In the entries that follow, find the line containing "금년 1월 말에 설 명절이" and the line containing "湖南师范大学2017年875数字电子技术考研真题", then copy exactly everything from the first through the second except the pictures.

────────────────────────────────────────

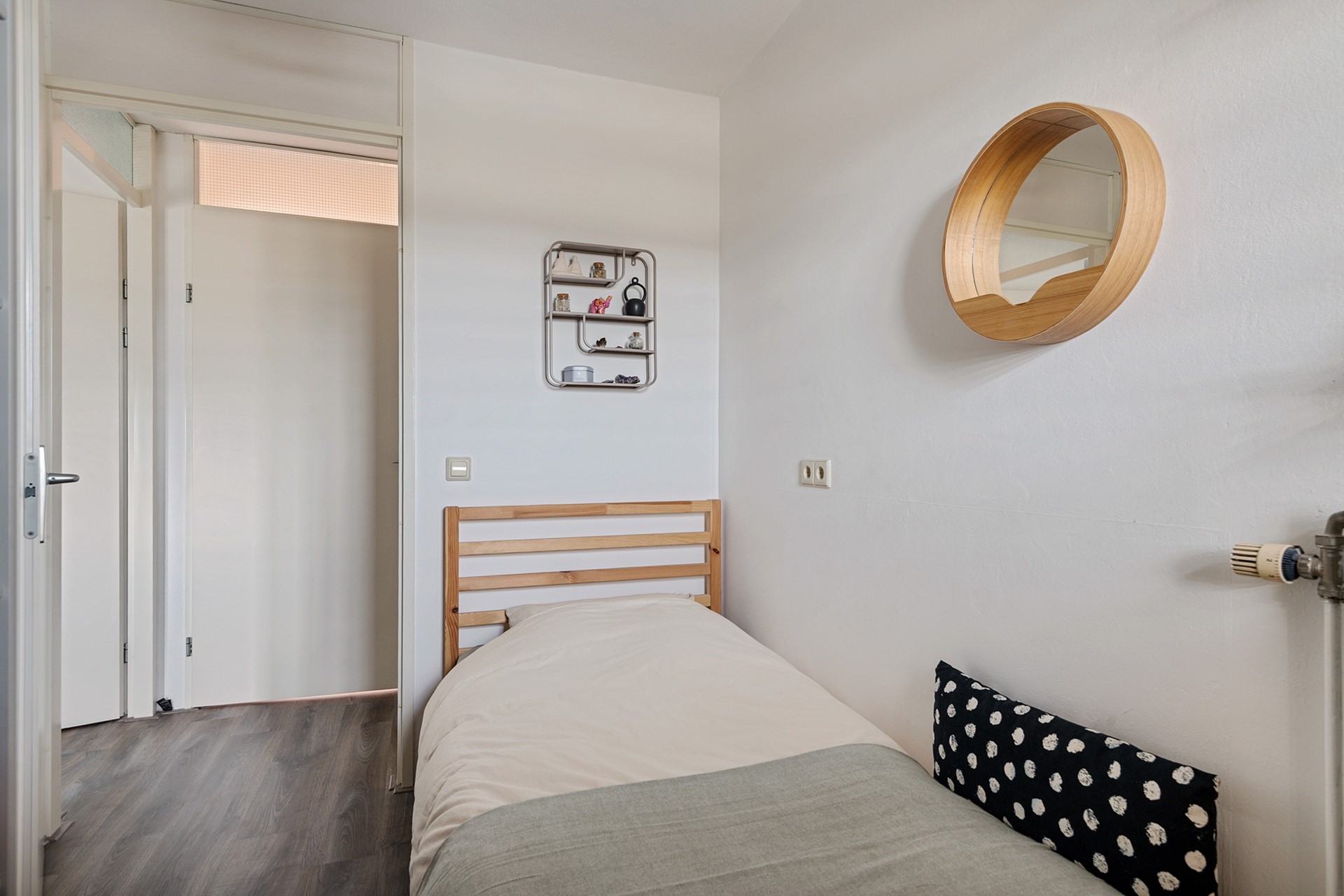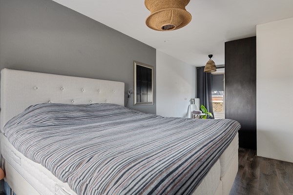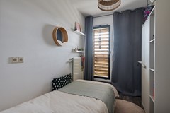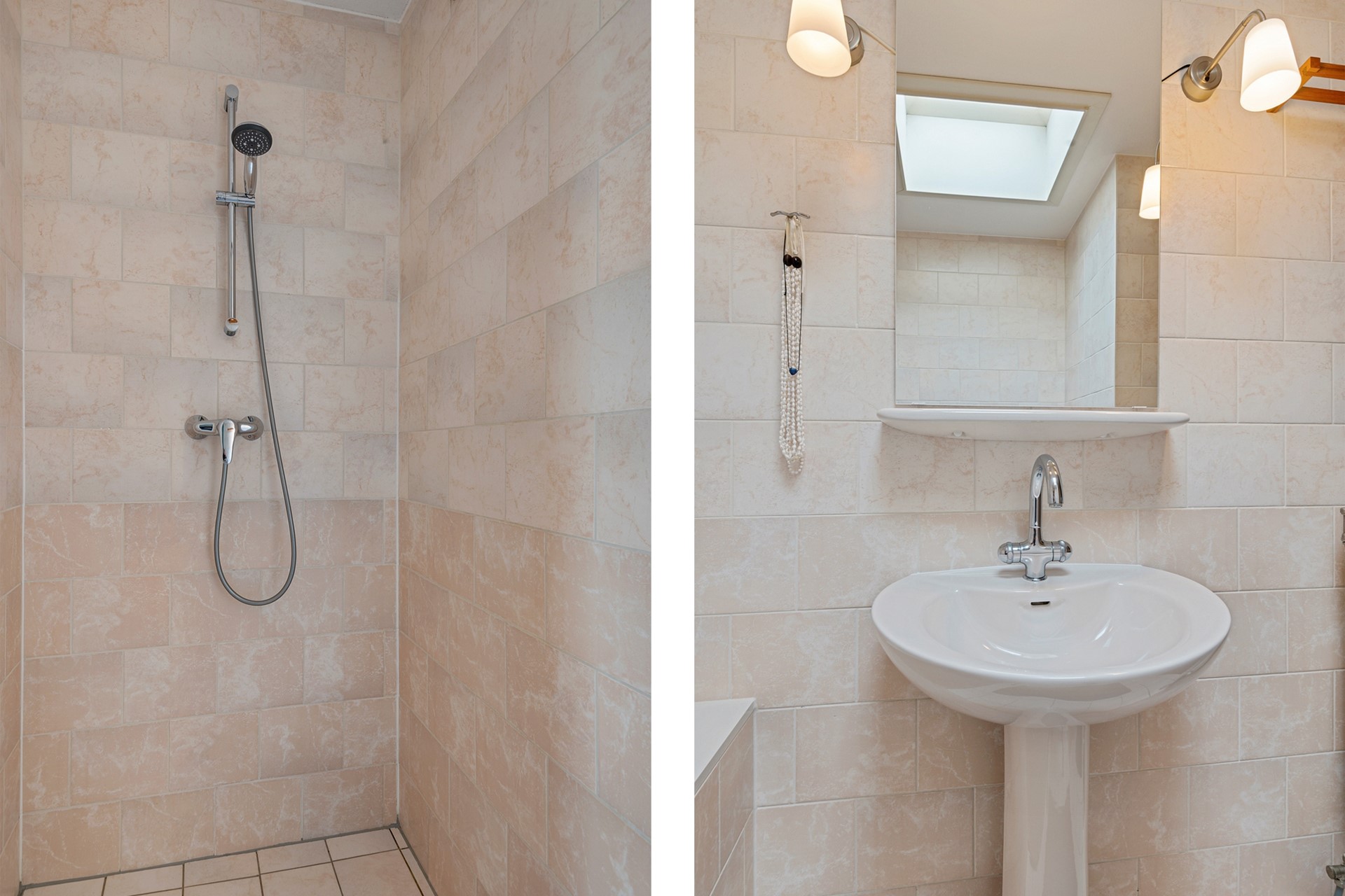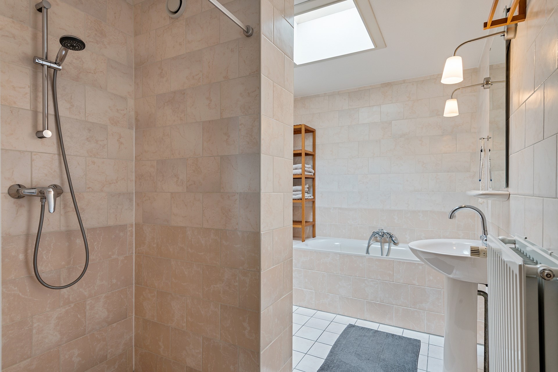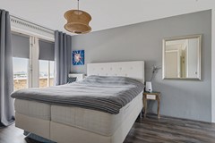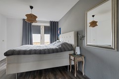 Overloop met toegang naar de ruime badkamer met inloopdouche, wastafel, toilet en ligbad. Grote slaapkamer aan de voorkant met openslaande deuren naar het ruime balkon op het westen waar je in de avond een prachtig zicht op de ondergaande zon hebt en aan de andere zijde heb je de deur naar het ruime 2de balkon op het oosten waar je in de ochtend kunt genieten van de zonsopgang boven de duinen. De tweede slaapkamer ligt aan de achterkant.
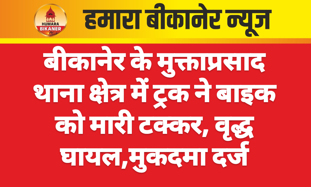 बीकानेर।ट्रक चालक द्वार बाइक को टक्कर मारने की खबर सामने आयी है। घटना मुक्ताप्रसाद पुलिस थाना क्षेत्र के सब्जी मंडी के सामने 16 नवंबर की सुबह 11 बजे के आसपास की है। इस सम्बंध में रामपुरा बस्ती निवासी राजेन्द्र तंवर ने ट्रक चालक के खिलाफ मुकदमा दर्ज करवाया है।प्रार्थी ने बताया कि ट्रक चालक ने लापरवाही से गाड़ी चलाते हुए उसके पिता रघुनाथ की बाइक को टक्कर मार दी। जिससे वह गिर गए और चोटिल हो गए। प्रार्थी ने बताया कि उसके पिता बजरंग धारा की तरफ जा रहे थे। इसी दौरान पीछे से ट्रक चालक ने टक्कर मार दी। पुलिस ने प्रार्थी की रिपोर्ट के आधार पर मुकदमा दर्ज कर जांच शुरू कर दी है।
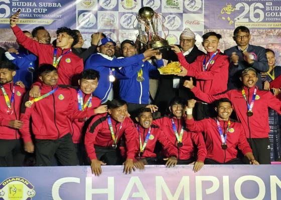 छाल खवर धरान,२ फागुनः धरानमा जारी २६औँ संस्करणको बुढासुब्बा गोल्डकपको उपाधि प्लानिङ ब्वाइज क्लब काठमाडौँले जित हासिल गरेको छ । शनिवार धरान रङ्गशालामा भएको फाइनल खेलमा प्लानिङ ब्याइजले चर्च ब्वाइज युन ...
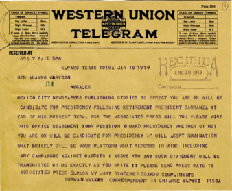 Telegrama del Sr. Norman Walker, corresponsal de la PRENSA ASOCIADA en El Paso, Tex., E.U.A. al Gral. Alvaro Obregón, preguntando sobre su posible candidatura a la Presidencia y su programa. Respuesta considerando prematuro el asunto.
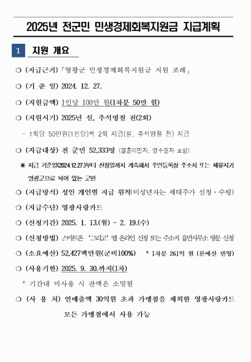 금년 1월 말에 설 명절이 있어 1차분 지원금은 1월 13일부터 신청을 받고 있으며 신청일로부터 1 부터 2일이내에 영광사랑카드에 지급된다.
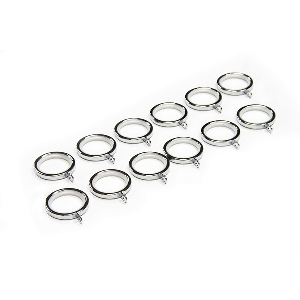 GCurtain Metal Curtain Rings Eyelets Set with 12 Curtain Rods 30 mm Suitable for up to 28 mm Easy Installation Decorative Window - Polished Chrome
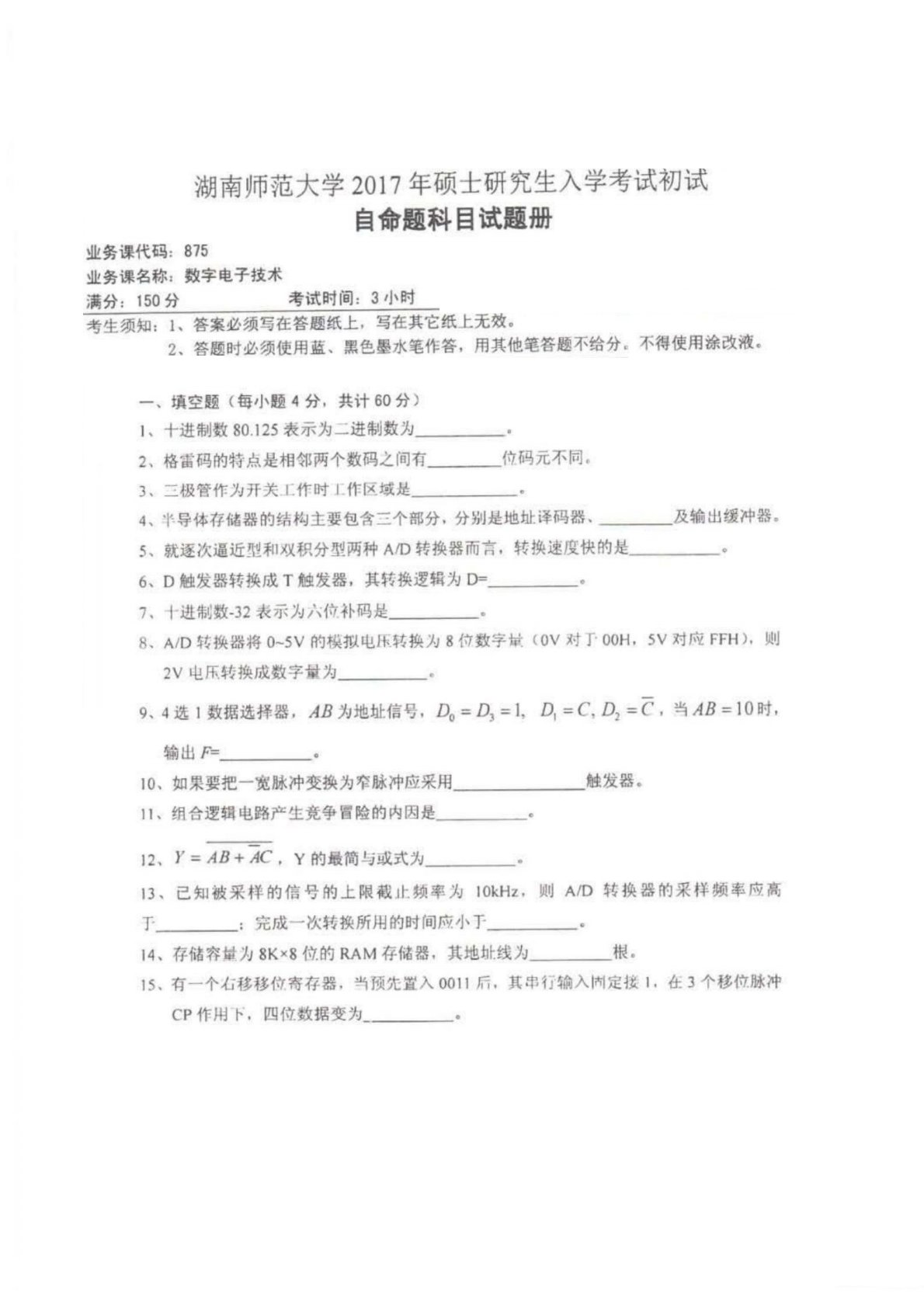 湖南师范大学2017年875数字电子技术考研真题
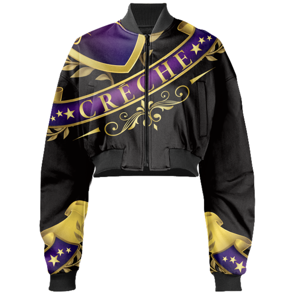 Designed by Gabriel Held this neoprene bomber jacket has a cropped fit with raglan sleeves a zip up front and two welt pockets. Matches with the Gabriel Held Mini Zip Skirt.
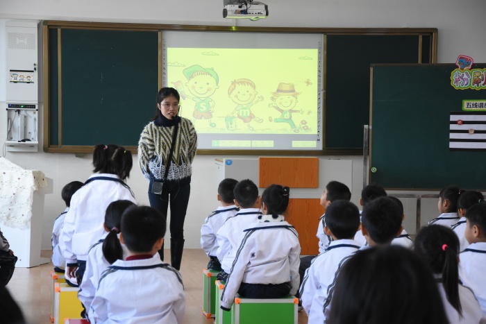此次活動(dòng)在觀摩課例中拉開序幕。孫美婷老師為全體老師展示了人民音樂出版社一年級下冊第七課歌曲《粉刷匠》一課。孫老師結(jié)合柯達(dá)伊音樂教學(xué)法,讓學(xué)生初步認(rèn)識五線譜并認(rèn)知s-m-d三音在五線譜中的位置,并能用準(zhǔn)確的聲音學(xué)會歌曲。課堂上充分應(yīng)用了信息技術(shù)希沃白板融合教學(xué),鼓勵(lì)學(xué)生積極動(dòng)手探究,培養(yǎng)學(xué)生的音樂素養(yǎng)。
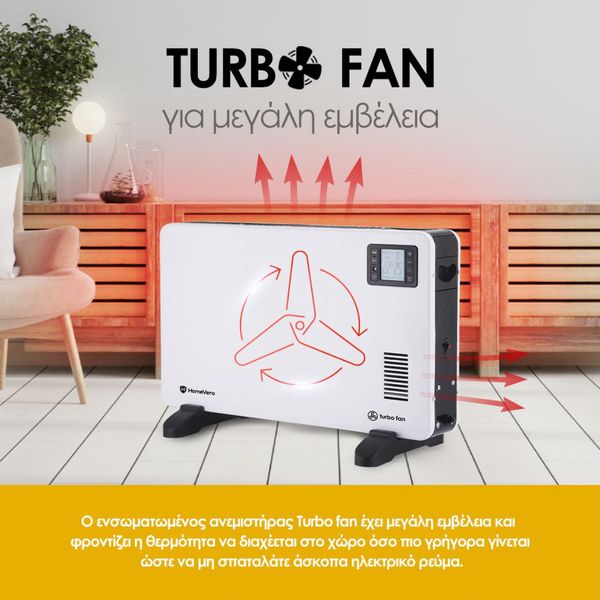 - Ενσωματωμένος ανεμιστήρας Turbo Fan για ταχύτερη θέρμανση
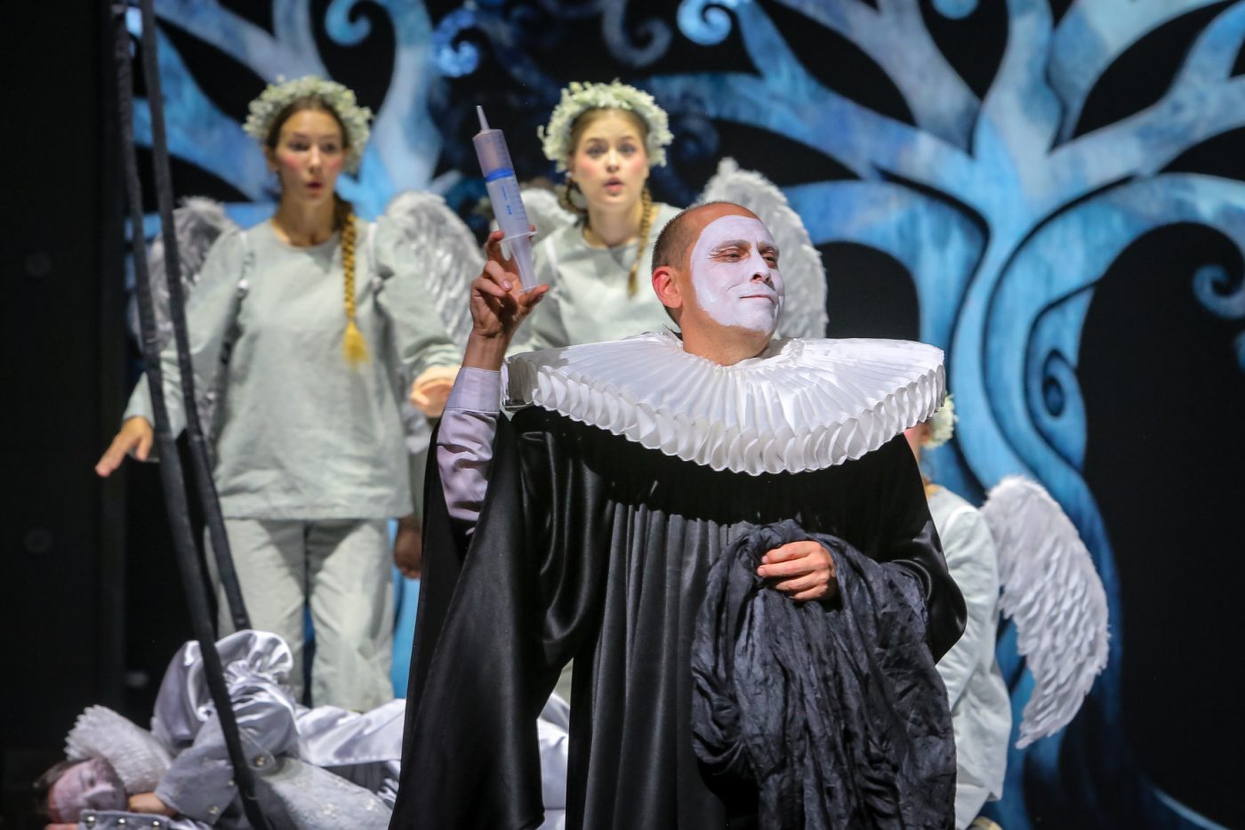Гамлет каждой эпохи таков, какова сама эта эпоха, каков облик ее бунтующего юношества. Книги, которые в разные времена Гамлет держал в руках, менялись, как менялись времена и сами Гамлеты. Сейчас в его руках айфон. Одна из загадок этой пьесы в том, что Гамлеты разных эпох и даже десятилетий могут быть до несовместимости несхожи меж собой (ну что общего между Гамлетом Михаила Чехова и Гамлетом Лоренса Оливье, Гамлетом Григория Козинцева и Михаэля Телльхаймера?). Они сходятся не друг с другом, а с духом своего исторического момента. Но отчаянная боль его — гамлетовская, мучительное и вымученное шутовство — тоже. Конечно, это не трагедия, а постмодернистская трагикомедия, абсурдистский гротеск, трагифарс…
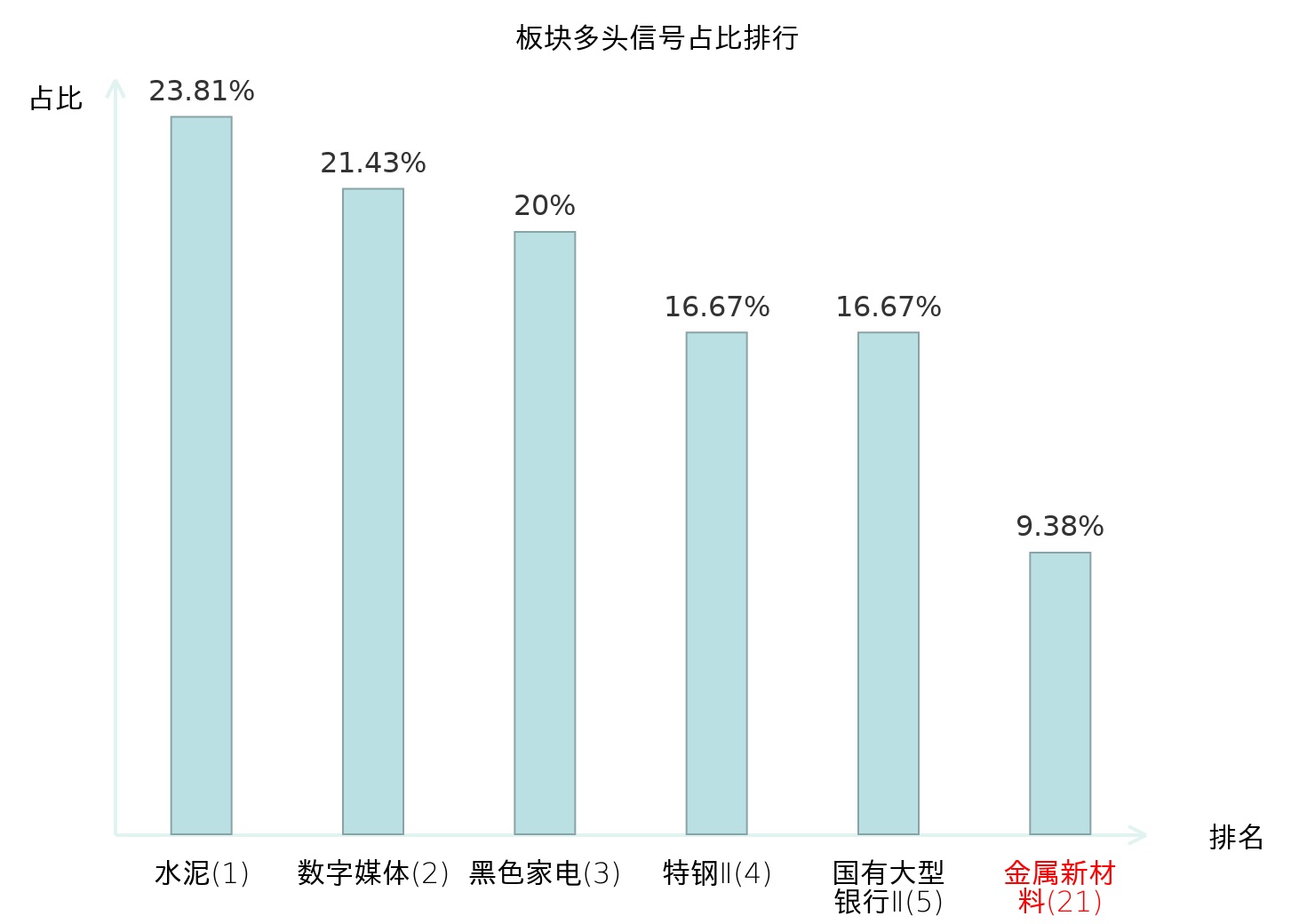 全市场所有行业板块中主力多头信号占比排名中,水泥板块位居第一。焦炭Ⅱ板块名次提升最快,较昨日上升115位。
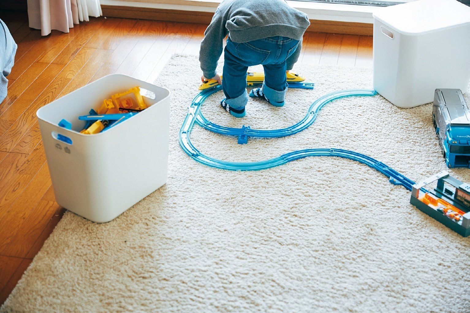 おもちゃは箱に入るだけ。「あふれたらどれかを捨てるルールに。子どももあれこれ欲しがらなくなりました」。
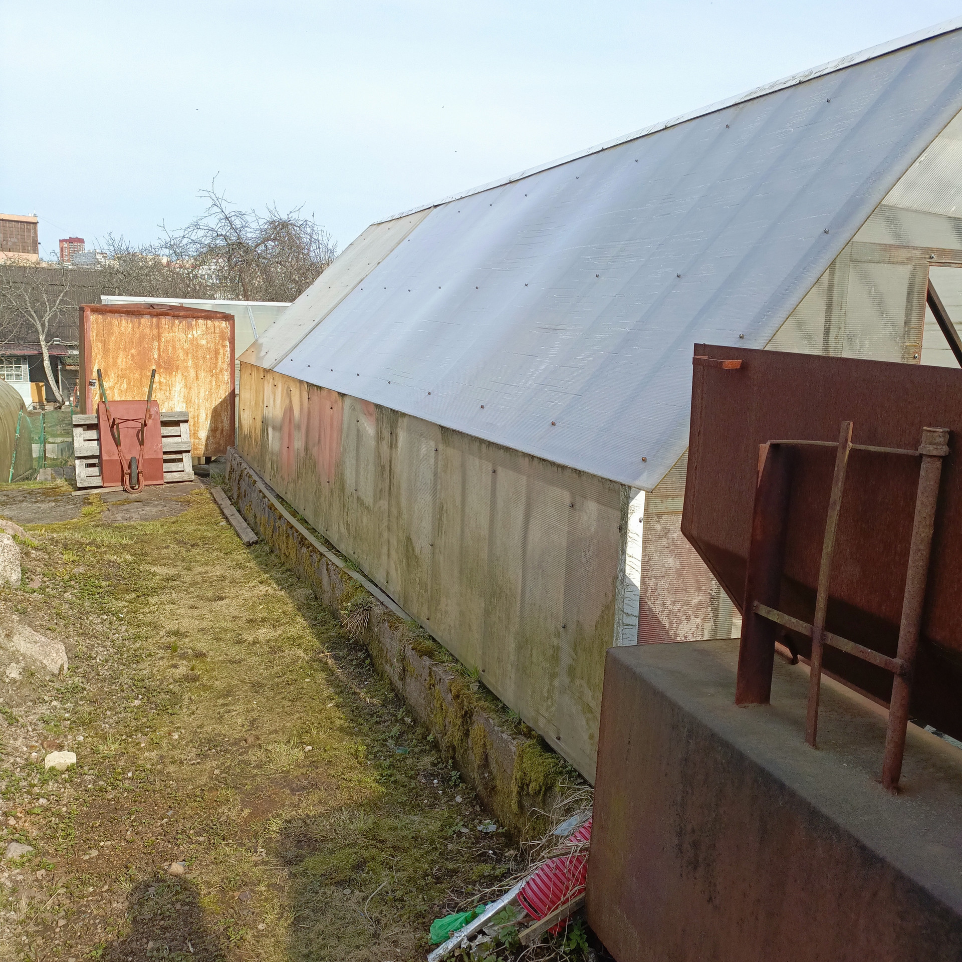 * На территории собственности имеются 3 теплицы и грядки, а также фруктовые деревья(яблоня, слива).

────────────────────────────────────────

== EXERCISE ANSWER ==
 금년 1월 말에 설 명절이 있어 1차분 지원금은 1월 13일부터 신청을 받고 있으며 신청일로부터 1 부터 2일이내에 영광사랑카드에 지급된다.
 GCurtain Metal Curtain Rings Eyelets Set with 12 Curtain Rods 30 mm Suitable for up to 28 mm Easy Installation Decorative Window - Polished Chrome
 湖南师范大学2017年875数字电子技术考研真题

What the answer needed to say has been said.